Direkt aus Bern

Zahlen, Wahlen, Feiern

02. Dezember 2017, 00:00

Winterzeit – Budgetzeit – Wahlzeit. In der Wintersession beraten die eidgenössischen Räte das Budget für das kommende Jahr und den Finanzplan für die nächsten Jahre. Dieses Jahr gestaltet sich die Sache im Nationalrat besonders lebhaft: Noch nie wurden über 80 Minderheitsanträge zum Budget eingereicht. Während 12 Stunden beugt sich der ­Nationalrat über diese Zahlen. Weitere Stunden werden folgen, um die Differenzen zum Ständerat auszuräumen. Spätestens am 15. Dezember 2017 muss das Budget stehen.

Ja, und da passieren eigen­artige Dinge: Im März 2016 habe ich einen Vorstoss eingereicht mit dem Anliegen, ausserordentliche Überschüsse beim Bund zur Hälfte der AHV zuzuleiten. Die Mehrheit – und insbesondere die SVP – wollte damals von diesem Anliegen nichts wissen. Und siehe da: In der laufenden Budgetdebatte hat der neue Fraktionschef der SVP selber einen Antrag gestellt, die überschüssigen 440 Millionen Franken, die aufgrund der Ablehnung der Altersvorsorge vom Volk nun resultieren, der AHV zuzuleiten. Der Nationalrat hat diesem Anliegen zugestimmt.

Das hat bei mir stille Freude und ein Lächeln auf den Stockzähnen ausgelöst. Eines habe ich festgestellt: Die Halbwertszeit von Meinungen bei den Parteien wird immer kürzer.

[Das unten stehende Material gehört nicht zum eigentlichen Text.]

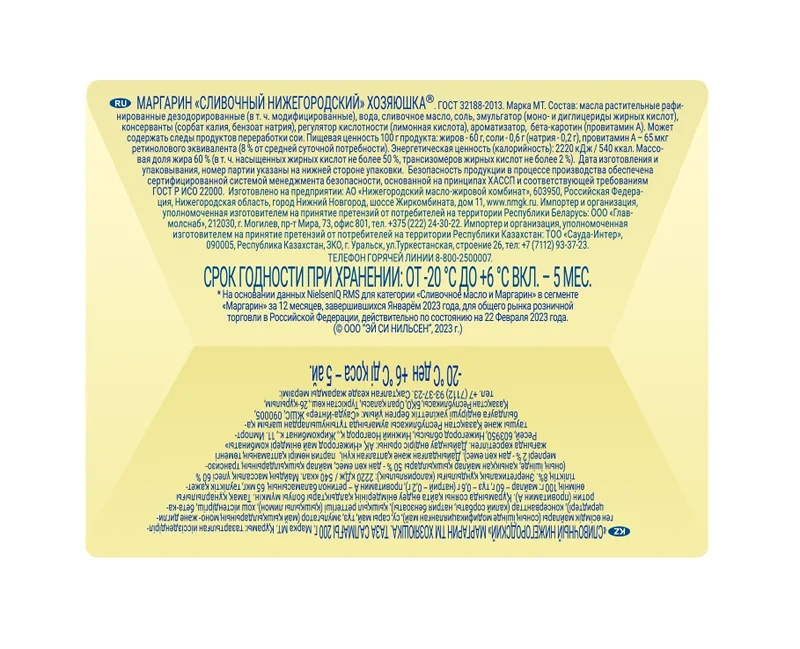 Маргарин Хозяюшка Сливочный Нижегородский ГОСТ 60%, 200г

Im Bundeshaus herrscht hektisches Treiben: Eine Besucherin im Bundeshaus fragte in der Diskussionsrunde, was wir Parlamentarier gegen Burn-out tun würden. Von der Zuschauertribüne herab sei kaum zuzuschauen, welche Hektik im Ratssaal herrsche: Es kommen Leute rein, gehen wieder raus, telefonieren, diskutieren miteinander, schreiben am Laptop, lesen etwas, schreiten ans Rednerpult. Das sei ein derartiges Treiben, bei dem es einem beim Zuschauen fast schlecht werde. Ja, da wird man sich wieder bewusst, in welchem Umfeld wir tätig sind.

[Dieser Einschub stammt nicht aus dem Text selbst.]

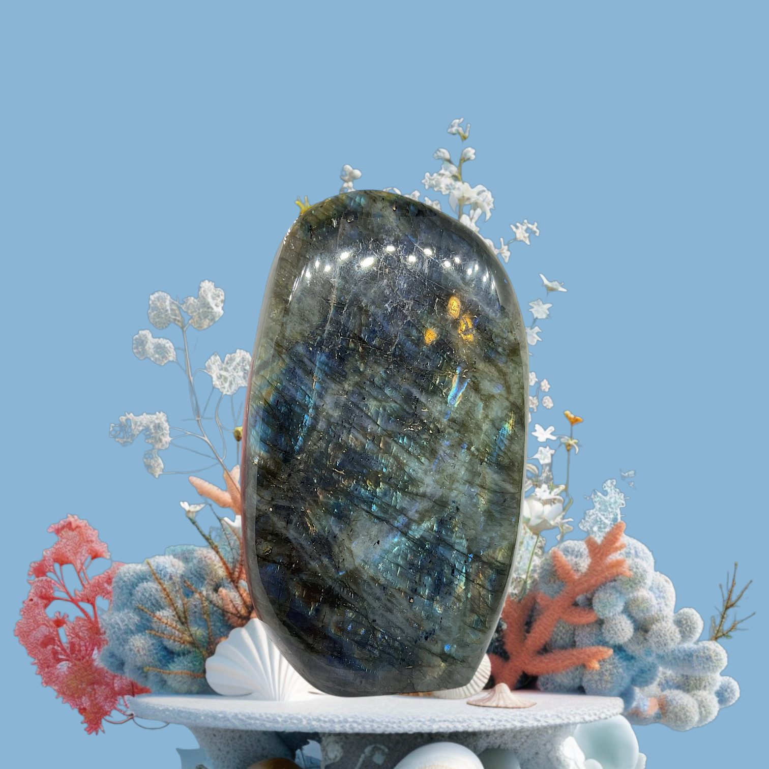 XXL Labradorit Freeform I 9x5x15cm I 1412gr. I Unikat-Masterpiece 1638 I hochglanzpoliert I Sammlerstück I Top 1A-Qualität I Madagaskar

Zum Glück gibt es auch ruhigere Phasen. In der Wintersession werden die Präsidien von Nationalrat, Ständerat und Bundesrat neu bestimmt. Diese Wahlen werden gefeiert. Wunderbar war die Feier von Nationalratspräsident Dominique de Buman in der Kathedrale von Freiburg. Diese war begleitet von einem Chor, von Orgelspiel und von Musik. Das ist ein Gegenpol und Ruhepol zum hektischen Treiben im Bundeshaus. Zwischendurch ist das auch nötig.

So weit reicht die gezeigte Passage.